Just A Dare Episode 38

0
316

ZOE

I hurt bad. It hurts so badly that I have never felt this kind of pain before. Nothing had ever hurt me like this before and I don’t know what to do than to just revel in my own pain. I have always love him. I have always love Beck and I always will. I love him so much that the thought of him, doing that with that girl. The thought of him touching her and saying things to her that should be said to me. That thought drives me so insane thar I feel like if I don’t stop thinking about it, then I’m gonna explode.

But what’s the point in this after all, I can’t stop thinking about it, no matter how much I try. I can’t stop because I shouldn’t! I shouldn’t be able to stop thinking about it because that’s just how much I love him. That’s how much it hurts.

“Are you okay? ”

Ethan asks as he sits me down and stretch a glass of water to me while I politely take from him but only drop it on the table.

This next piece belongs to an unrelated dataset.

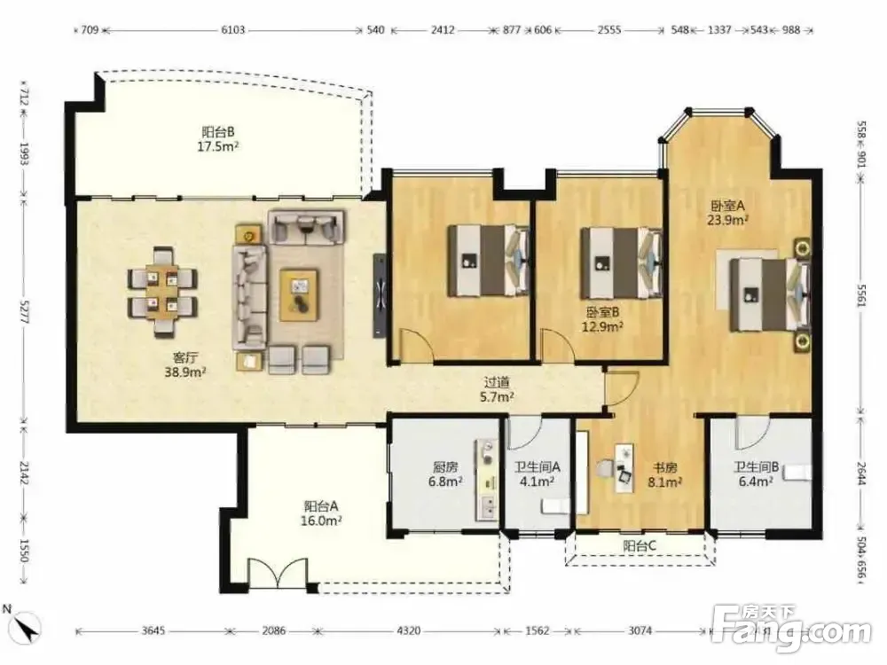 房屋拥有相对宽松的尺寸,布局通透,动静分离,设计豪华

I am not okay. In fact, I’m far from been okay and I will never be okay without him. He has become almost the most important part of my life that I can’t do without. I just don’t want to live without him. I love him so much. Very much, words can’t describe the length of my feelings for him and even though, this wouldn’t be the first time he’s doing something like that. I had thought that he changed, I thought that he finally decided to put a stop to his immature act and his act of betrayal but then.. This had to happen.

My phone vibrates against my pocket and I sniff before pulling it out, staring at the name across the screen before dropping it on the couch that’s next to me and breathing out.

I can’t cry. I can’t cry, I shouldn’t let him do this to me. I must not let him do this to me.

“What’s wrong? Why are you not picking up Beck’s call, did something happen between the two of you? ”Ethan says next to me and it was as if the words were just caught up in my throat, they refuse to make their way out.

“He’s the reason you’re crying, isn’t he? Tell me, what has he done this time. Let me know Zoe please, don’t keep it in and let it eat you up. ”
He says again and I nodded , biting down on my tongue to stop the tears from coming but it’s already too late as a tear rolls down my cheek. That one tear turns to two. Then they roll down slowly until it couldn’t be contained anymore and I allow the tears to move freely. No longer holding it in and no longer caring about holding it in either.

~✨ARIELLE✨~

“Im sorry that you had to get into trouble with your mom because of me ” Javier says and I smile before shaking my head, assuring him that it’s nothing.

“Is everything okay between us? We ain’t running away from each other, right? You wouldn’t run away after this, right? ” He whispers, his voice so low that I could barely make out what he’s saying but I heard it anyways and I sigh, staring my hand and shifting uncomfortably between my legs in the same position that I have been since mom walked out of this room.

“To be honest, I don’t really know if we are. I don’t know if we are going to pull away from each other after this because I keep thinking about what she had said. I keep thinking about me and I keep thinking about you. I keep thinking about us. What are we doing Javier? What’s going on between us? ” I raise my brows at him, my heart beating faster against my chest as I hope that he would just say the words that I’m dying to listen to. The words that I’m dying to hear from him.

That he loves me and that’s why he is here with me.